Friday, June 6, 2014

Thin is Overrated.

Hey Amanda,

So you and I both know that American eating habits are iffy. Thinness, however, is irrelevant to nutrition. The Obesity Epidemic news report cliche of watching fat people walk around with their heads out of the frame is really unacceptable. They are human beings with families and aspirations and struggles. I hate the mindset that those video montages display. It’s still not acceptable to judge someone's values and worth based on their bodies. 

Obesity Epidemic: n. A public health concern that is often used to justify fat-shaming. Similar to the phenomena of “Bless her heart,” one may invoke “For their health” before an insult to mask disgust, or otherwise ignore the moral imperative to treat everyone with human dignity.  

All things being equal, if you're not at a healthy weight being overweight is actually healthier than being underweight. Let’s stop high-fiveing celebrity anorexia in the name of “getting healthy” when you really just mean getting skinny. Thin does not equal healthy.

Let’s Meet Some Olympians

Sarah Robles
Meet Sarah Robles. She's an Olympic weightlifter, and the strongest woman in America.

Reese Hoffa
Reese Hoffa, Bronze medalist in Shot Put at the London Games.

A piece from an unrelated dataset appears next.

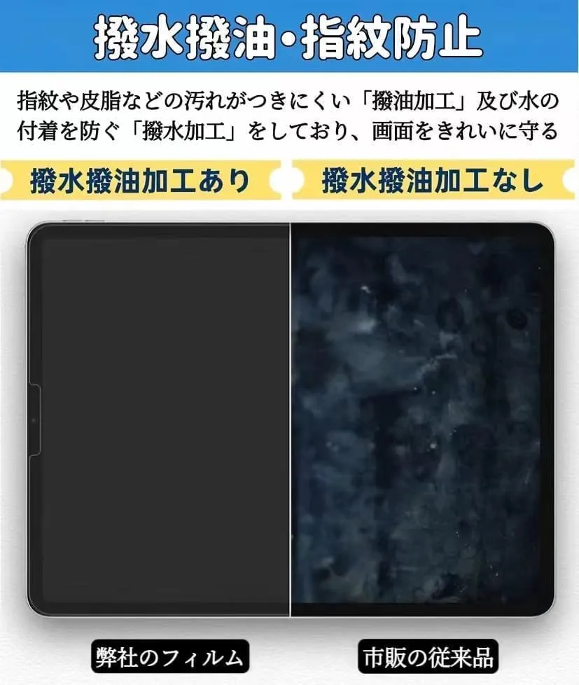 ?指紋防止 :フィルム表面の指紋防止加工により指紋や汚れが残りにくくなります。水や汚れ、油分をはじくため布などを用いて拭き取るだけで、画面をきれいな状態に保ちます

Hoffa is one of the most consistently awesome shot-putters in history, making more than a hundred "over 21 meter" throws in competition. He can also solve a Rubik's Cube in under 30 seconds. This is completely unrelated to his physical fitness, but it's awesome, so worth mentioning.

Are these olympians thin? No. 

Are they fit?

Um, Robles can lift a quarter of a ton and hold it over her head. Hoffa  launched 16 lbs of metal more than 70 feet with his bare hands at the Olympics.  You'd have a hard time coming up with a definition of fitness that excluded them.

That is if you've ever stopped to think about the definition of fitness. Fit, contrary to popular belief, is not a synonym for sexy.

Sex appeal is a really bad yardstick for health. BMI is a bad yardstick. Blood sugar levels are approaching an acceptable measure. At least they are more accurate on an individual basis and more relevant to what actually kills people--diabetes--the 7th leading cause of death in the US.

The moral of the story is you can't tell if someone is healthy by looking at them. Bigots gauge work ethic or self control by skin color, eye shape, or pant size---you shouldn't.  

As a total non-athlete, I freely endorse the idea that we undervalue our bodies when all we do is sit, walk, or sleep. It's unhealthy, but it's not "Eww, really? Gross." Recently, I've gotten really dedicated to pseudo-pilates and I've literally realized I had muscles in places I didn't know about. I can even do one of these now:

via Be Fit Physical Therapy & Pilates Ltd.

I'm not any smaller, really. That wasn't the point. I'm just a whole lot fitter. And if you're currently ignoring all the remarkable physical feats your body can do, well, I invite you to take strides towards becoming a fitter you. 

But remember, 

No compliment sounds as good 
as accomplishment feels.


If you need motivation, always, always, always choose competence over vanity,
Steph



Anyone else have problems internalizing the difference between fit and thin, 
even when you know better?
 It's hard to notice the water you swim in.